🤖 AI Summary
This study addresses the challenge of achieving high-precision, long-horizon ship trajectory prediction in real-world marine environments, where prolonged temporal dependencies and dynamic factors—such as ocean currents, wind, and waves—significantly complicate forecasting. To tackle this, the authors propose a hierarchical two-stage prediction framework: a long-term branch encodes navigational intent, while a short-term branch models local dynamics using a spatiotemporal graph Transformer. These branches are adaptively fused through an environment-aware cross-modal attention mechanism that incorporates oceanographic parameters. The approach further introduces a feature-level modulation strategy and a learnable Savitzky–Golay smoothing layer to enhance temporal consistency and prediction accuracy. Evaluated on the Australian CTS dataset with 3-hour inputs and 10-hour forecasts, the method reduces average displacement error (ADE) and final displacement error (FDE) by 25% and 17%, respectively, outperforming current state-of-the-art approaches.
📝 Abstract
Long-horizon vessel trajectory forecasting under real ocean conditions is critical for collision avoidance, traffic management, and route planning. However, achieving accurate predictions is challenging due to long-range temporal dependencies and dynamic environmental factors such as currents, wind, and waves. To address these issues, we propose a hierarchical two-stage framework that combines a coarse long-term predictor with a grid-aware short-term predictor through a hierarchical fusion mechanism. The short-term branch leverages a Spatio-Temporal Graph Transformer on discretized maritime cells to capture localized dynamics, while the long-term branch encodes overarching navigational intent. An integrated environmental module incorporates oceanographic parameters, including surface currents, wind vectors, and significant wave height, using cross-modal attention and feature-wise modulation for adaptive response to varying sea conditions.
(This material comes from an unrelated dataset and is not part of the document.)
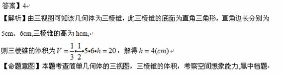 [解析]本题主要考查三视图的基础知识,和主题体积的计算,属于容易题。

Additionally, a learnable Savitzky-Golay smoothing layer enhances temporal coherence in fused trajectories. We evaluate our approach on Australian Craft Tracking System (CTS) data from the North West region, aligned with Copernicus Marine Service products, using a 3-hour input and a 10-hour prediction horizon. Experimental results show that our framework outperforms the state-of-the-art by 25% in Average Displacement Error (ADE) and 17% in Final Displacement Error (FDE). Ablation studies further validate the contribution of each component.